(WHAT TO PRODUCE):
Pictures appear among the records below and must be omitted. Repeat exactly the lines from the line with "House Babylon’s grey" to the line with "Swiss Alpine Military Master", both included.

(TASK DATA):
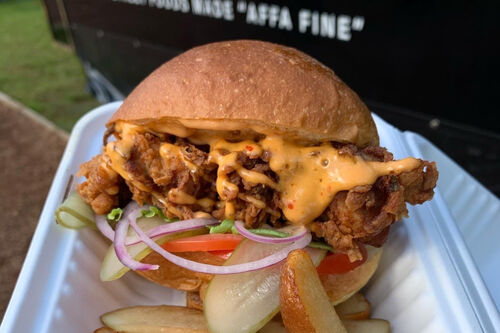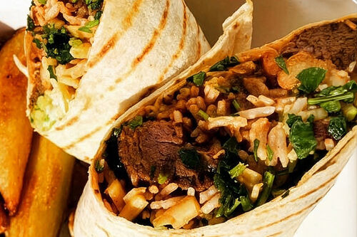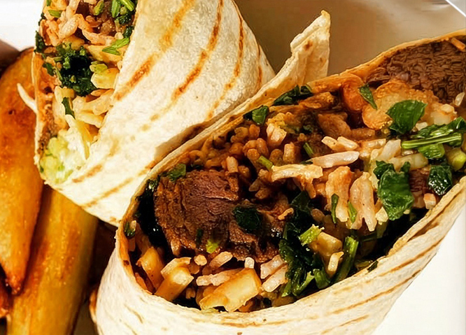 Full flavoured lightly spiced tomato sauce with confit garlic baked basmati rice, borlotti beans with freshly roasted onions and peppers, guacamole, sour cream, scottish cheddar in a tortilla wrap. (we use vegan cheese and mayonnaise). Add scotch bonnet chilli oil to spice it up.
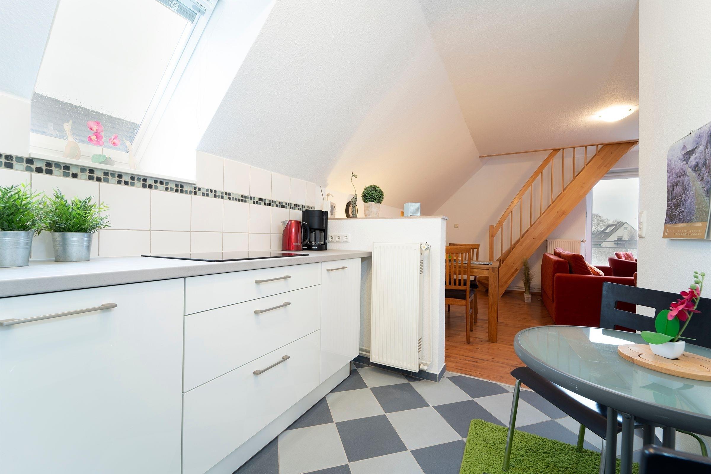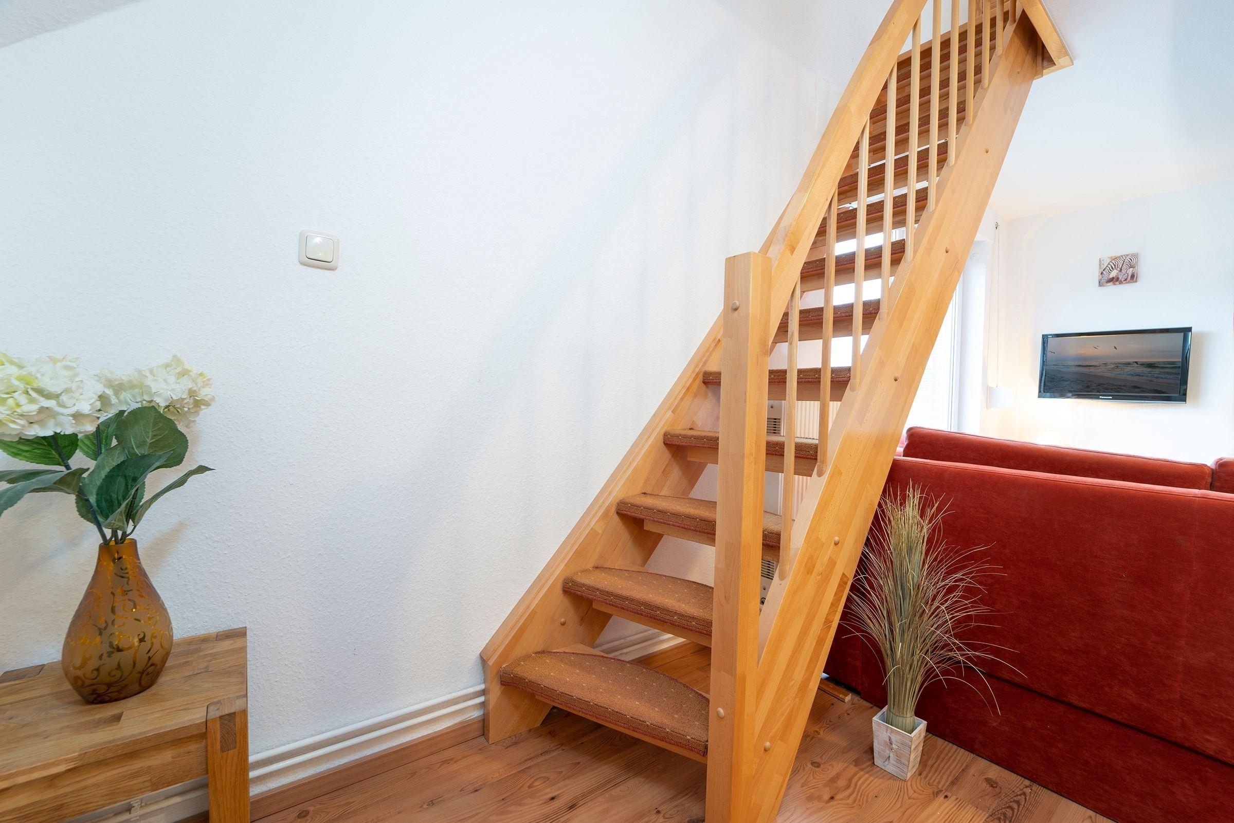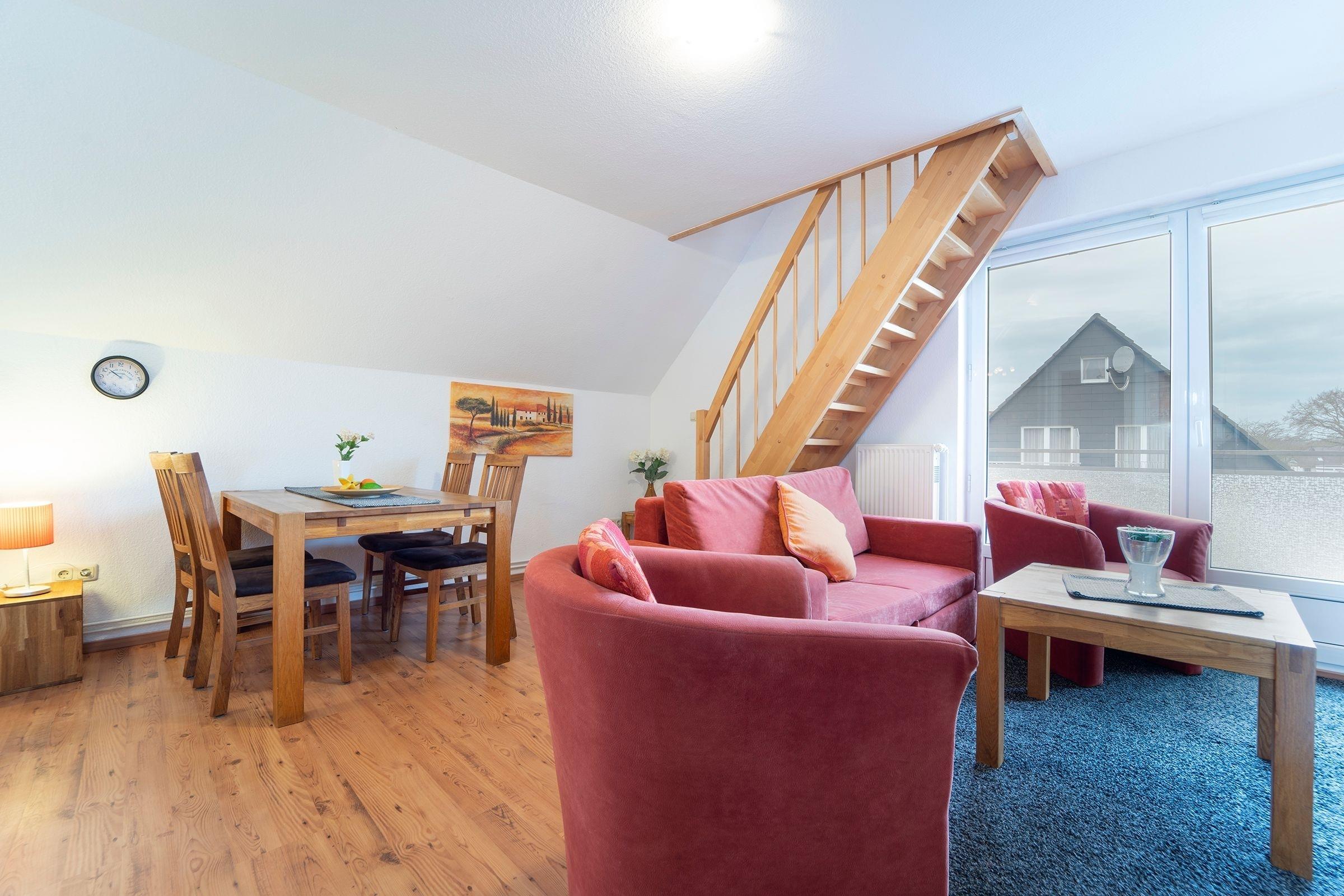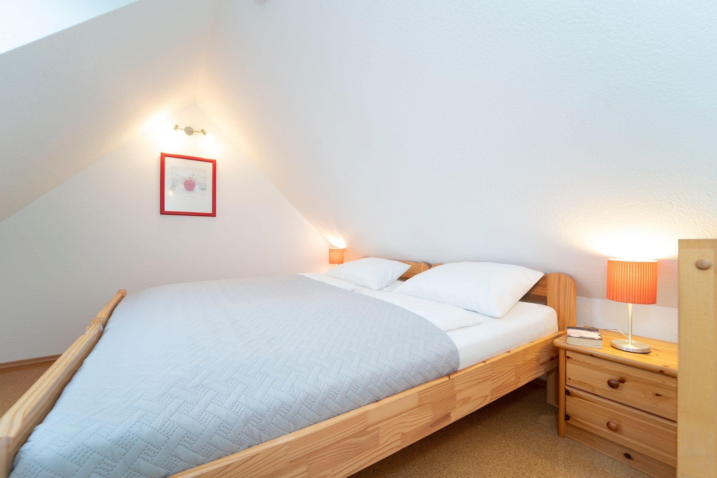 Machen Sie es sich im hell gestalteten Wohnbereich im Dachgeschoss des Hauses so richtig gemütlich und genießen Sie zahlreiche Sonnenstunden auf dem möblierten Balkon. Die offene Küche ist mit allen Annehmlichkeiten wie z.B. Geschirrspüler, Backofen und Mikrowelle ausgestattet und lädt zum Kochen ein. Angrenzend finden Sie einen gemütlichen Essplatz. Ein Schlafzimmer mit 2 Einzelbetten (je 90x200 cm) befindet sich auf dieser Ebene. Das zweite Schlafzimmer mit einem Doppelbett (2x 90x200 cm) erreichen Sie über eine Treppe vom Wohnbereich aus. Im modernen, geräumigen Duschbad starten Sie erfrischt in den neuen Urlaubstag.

...

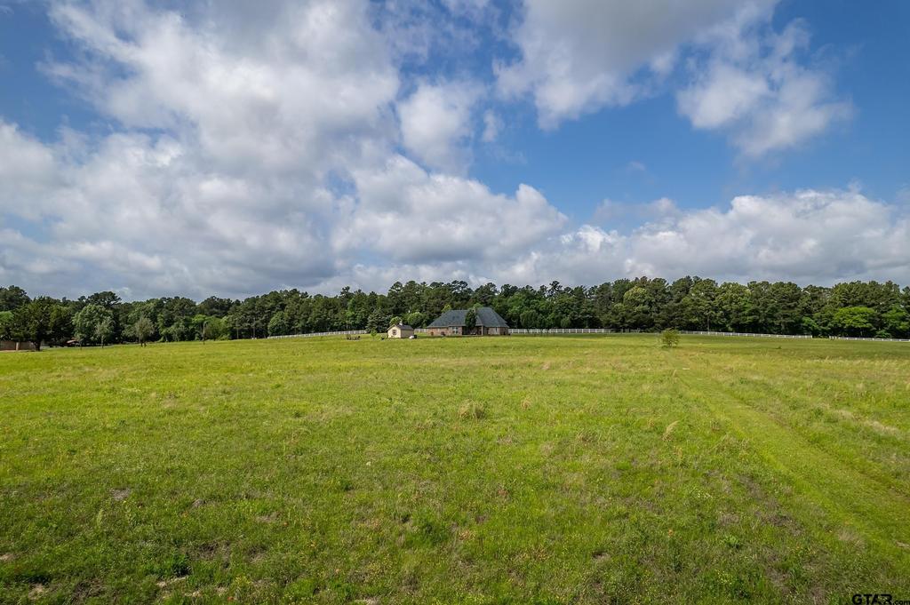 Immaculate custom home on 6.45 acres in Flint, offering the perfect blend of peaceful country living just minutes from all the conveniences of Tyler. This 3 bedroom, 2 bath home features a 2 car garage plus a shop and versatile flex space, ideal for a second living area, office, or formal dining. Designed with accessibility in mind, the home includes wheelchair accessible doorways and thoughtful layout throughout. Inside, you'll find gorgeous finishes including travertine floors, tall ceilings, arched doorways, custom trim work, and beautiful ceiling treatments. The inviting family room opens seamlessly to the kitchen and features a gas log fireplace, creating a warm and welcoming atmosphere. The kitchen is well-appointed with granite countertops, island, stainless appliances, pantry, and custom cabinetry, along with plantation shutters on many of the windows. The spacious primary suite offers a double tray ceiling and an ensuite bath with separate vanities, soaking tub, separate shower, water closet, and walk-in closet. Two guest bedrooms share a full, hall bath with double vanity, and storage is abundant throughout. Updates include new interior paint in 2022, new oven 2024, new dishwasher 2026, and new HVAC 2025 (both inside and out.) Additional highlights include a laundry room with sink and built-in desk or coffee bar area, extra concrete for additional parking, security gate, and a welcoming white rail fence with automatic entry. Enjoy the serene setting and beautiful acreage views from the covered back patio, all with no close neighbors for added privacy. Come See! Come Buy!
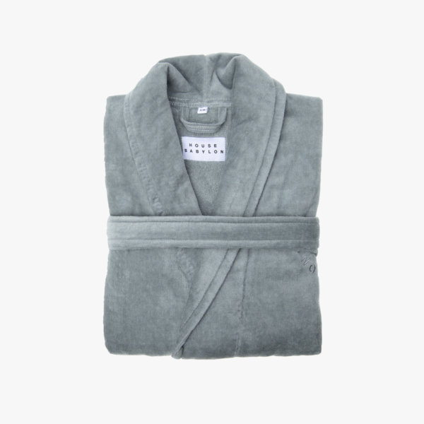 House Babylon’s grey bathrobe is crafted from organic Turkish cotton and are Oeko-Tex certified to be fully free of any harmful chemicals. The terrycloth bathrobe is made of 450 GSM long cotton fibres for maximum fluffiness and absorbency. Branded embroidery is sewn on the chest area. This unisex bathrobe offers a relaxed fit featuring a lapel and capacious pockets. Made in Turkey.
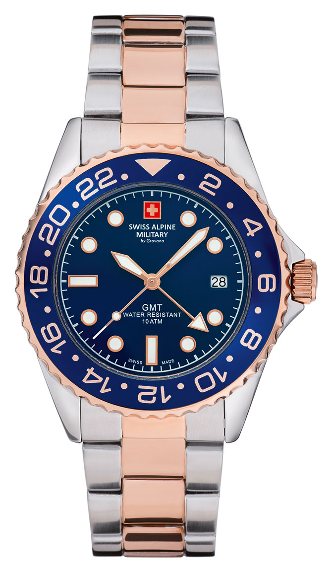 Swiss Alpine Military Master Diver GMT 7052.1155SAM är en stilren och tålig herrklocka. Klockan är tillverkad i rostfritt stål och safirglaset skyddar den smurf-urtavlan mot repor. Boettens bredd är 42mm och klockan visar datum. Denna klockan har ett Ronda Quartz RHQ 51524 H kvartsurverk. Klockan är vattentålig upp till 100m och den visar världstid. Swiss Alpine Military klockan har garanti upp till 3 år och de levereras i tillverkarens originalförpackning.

(OUTPUT FOR THIS EXERCISE):
 House Babylon’s grey bathrobe is crafted from organic Turkish cotton and are Oeko-Tex certified to be fully free of any harmful chemicals. The terrycloth bathrobe is made of 450 GSM long cotton fibres for maximum fluffiness and absorbency. Branded embroidery is sewn on the chest area. This unisex bathrobe offers a relaxed fit featuring a lapel and capacious pockets. Made in Turkey.
 Swiss Alpine Military Master Diver GMT 7052.1155SAM är en stilren och tålig herrklocka. Klockan är tillverkad i rostfritt stål och safirglaset skyddar den smurf-urtavlan mot repor. Boettens bredd är 42mm och klockan visar datum. Denna klockan har ett Ronda Quartz RHQ 51524 H kvartsurverk. Klockan är vattentålig upp till 100m och den visar världstid. Swiss Alpine Military klockan har garanti upp till 3 år och de levereras i tillverkarens originalförpackning.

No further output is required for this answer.